To answer some of your questions: the goal of this (the concept rather than
just this python implementation) is to read keys and values out of 'ini'
formatted files from shell, by detecting which other languages can run on the
machine (so far, python2, python3, php with DBA support, and php without DBA
support), but Python's idea of what constitutes a valid 'ini' file is more
restrictive than other languages, in that it doesn't allow for values before
the first section heading (the parts in square brackets). So that's why it
inserts a 'fake' section header and passes the StringIO object rather than
just the file itself.

I'll look into argparse - being in the stdlib is a must - the only reason this
(or it's counterpart in php) exists is because so far I've found no
practical/reliable way to reliably read/write ini files via pure shell.

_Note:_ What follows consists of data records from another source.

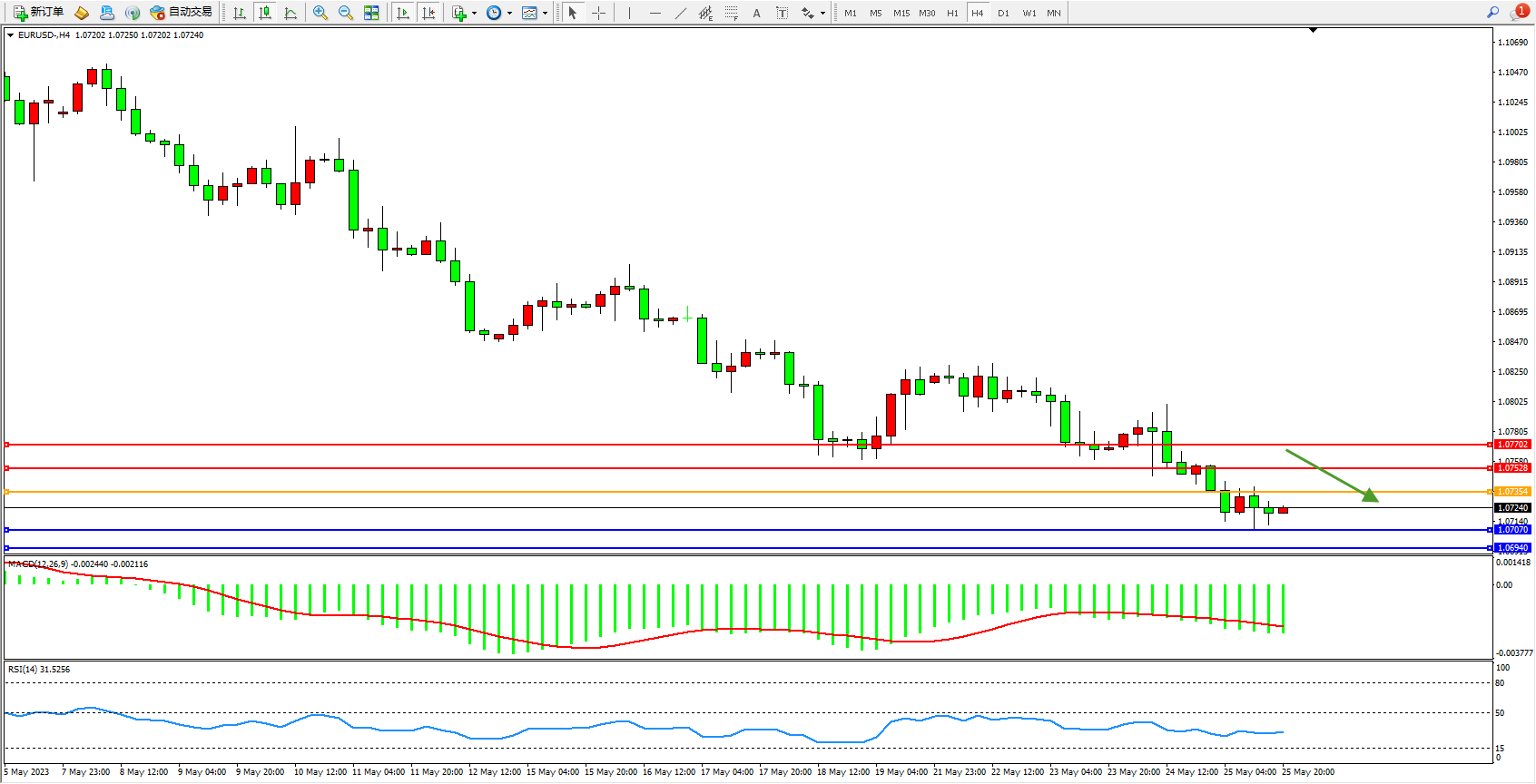 欧元美元EURUSD—4小时K线图显示: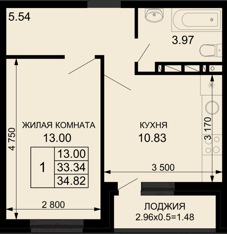 Общая площадь 35 м2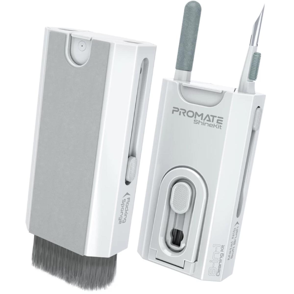Promate Shinekit 8 In 1 Eleronic Cleaner High Density Brush Flocking Sponge W/ Removable Fiber Cloth - CompuMe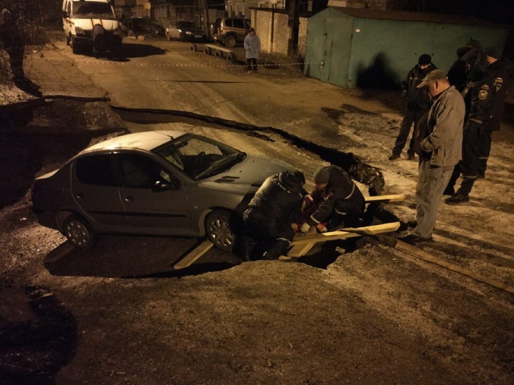 Напомним, что 28 ноября 2016 года на улице Интернациональная под землю провалилась «Лада Калина». Огромный провал объемом более шести метров с водой почти утянул в себя машину. В тот раз все закончилось печально: автомобиль так и не смогли извлечь из ямы, даже после откачки воды. Как только стало ясно, что бесполезно продолжать попытки, яму просто засыпали землей, к большому огорчению хозяев авто.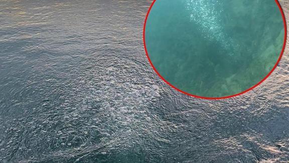 Dalgıçlar suya dalarak kabarcıkların çıktığı bölgeyi su altı kamerasıyla kayda aldı.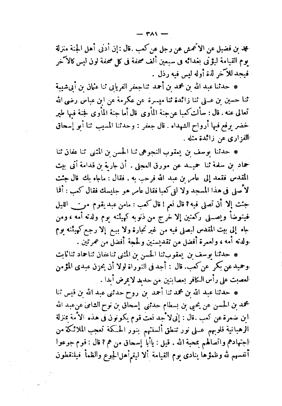 حَدَّثَنَا عَبْدُ اللهِ بْنُ مُحَمَّدِ بْنِ أَحْمَدَ، ثنا جَعْفَرٌ الْفِرْيَابِيُّ، ثنا عُثْمَانُ بْنُ أَبِي شَيْبَةَ، ثنا حُسَيْنُ بْنُ عَلِيٍّ، ثنا زَائِدَةُ، ثنا مَيْسَرَةُ، عَنْ عِكْرِمَةَ، عَنِ ابْنِ عَبَّاسٍ رِضَيَ اللهُ تَعَالَى عَنْهُ قَالَ: سَأَلْتُ كَعْبًا عَنْ جَنَّةِ الْمَأْوَى قَالَ: «§أَمَّا جَنَّةُ الْمَأْوَى فَجَنَّةٌ فِيهَا طَيْرٌ خُضْرٌ، يُرْفَعُ فِيهَا أَرْوَاحُ الشُّهَدَاءِ» قَالَ جَعْفَرٌ: وَحَدَّثَنَا الْمُسَيَّبُ، ثنا أَبُو إِسْحَاقَ الْفَزَارِيُّ، عَنْ زَائِدَةَ، مِثْلَهُ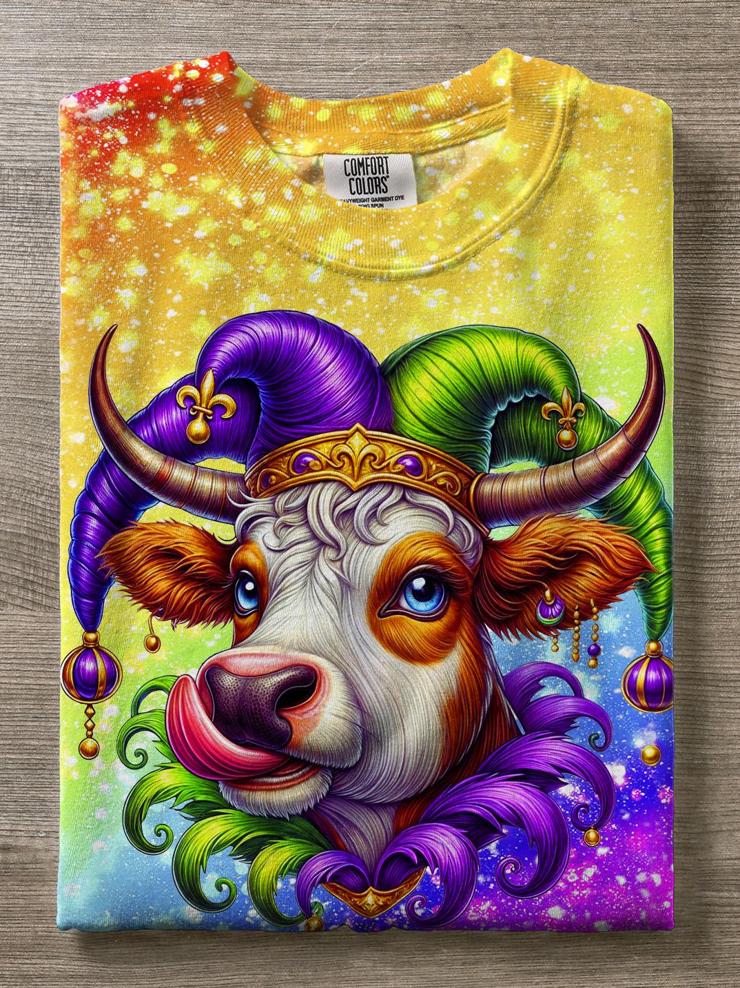 Mardi Gras Cow Character Party Rainbow Starlight Print Casual T-shirt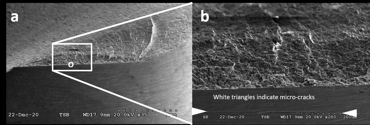 Micrographs of the fatigue origin area taken with a scanning electron microscope revealed that an initial, fingernail-shaped fatigue crack (Figure 3a) started from an almost straight line on the pin surface. Approximately parallel to this line, there were several small, straight micro-cracks (Figure 3b) on the pin surface in the chromium coat. The cracks were likely deep enough to penetrate into the steel core of the pin. The cracks likely developed from bending deformation and served as the fatigue origin that led to the eventual fracture of the blade actuating pin. The micro-cracks were sub-millimetre in length and are too small to be detected by magnetic particle inspection (MPI). No such cracks were found on blade actuating pins of the No. 1 or No. 3 propeller blades.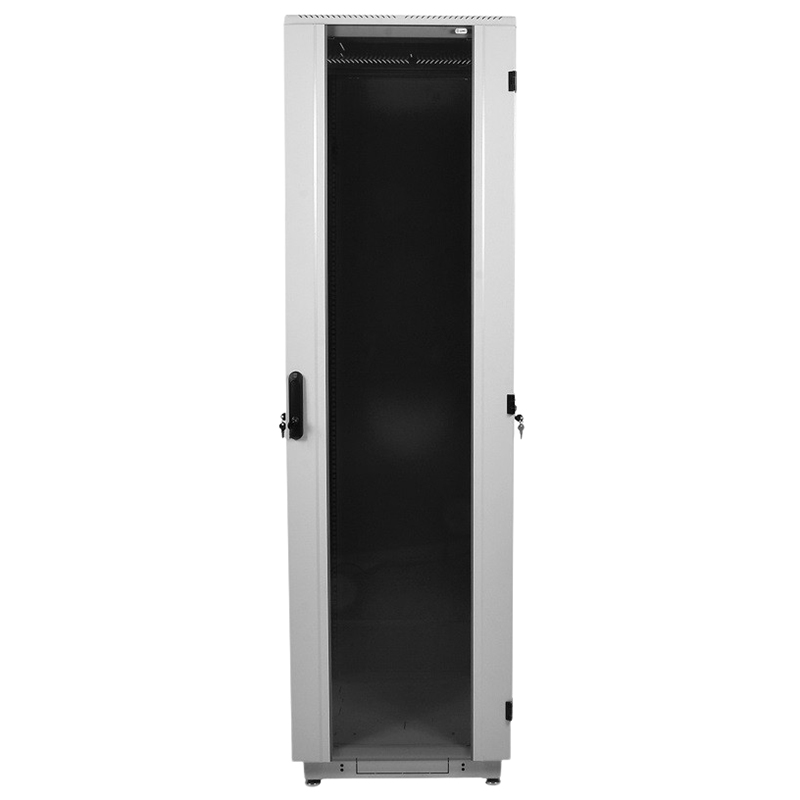 Шкаф имеет разборную каркасную конструкцию. Легок в сборке. Состоит из основания, крыши и двух сварных рам, соединенных комплектом швеллеров. На боковых элементах рамы выполнена дополнительная перфорация под закладные гайки. Шкаф комплектуется задней металлической стенкой и дверью. Дверь имеет как правую, так и левую навеску, угол открытия 180 градусов.

Having
to package up extra libs, or require a non-standard lib would defeat the
purpose.

I wonder if that's going to be the situation with 'six' \- is it a runtime
library, or more of a 'build' tool, to transpile from 3 to 2?

I honestly don't remember why I ended up using the RawConfigParser rather than
just ConfigParser - maybe one of the options for ConfigParser (e.g. disabling
interpolation), wasn't available in earlier 3.x releases. I'll try this again
when looking at the above points.

Thanks for your input, it's very much appreciated!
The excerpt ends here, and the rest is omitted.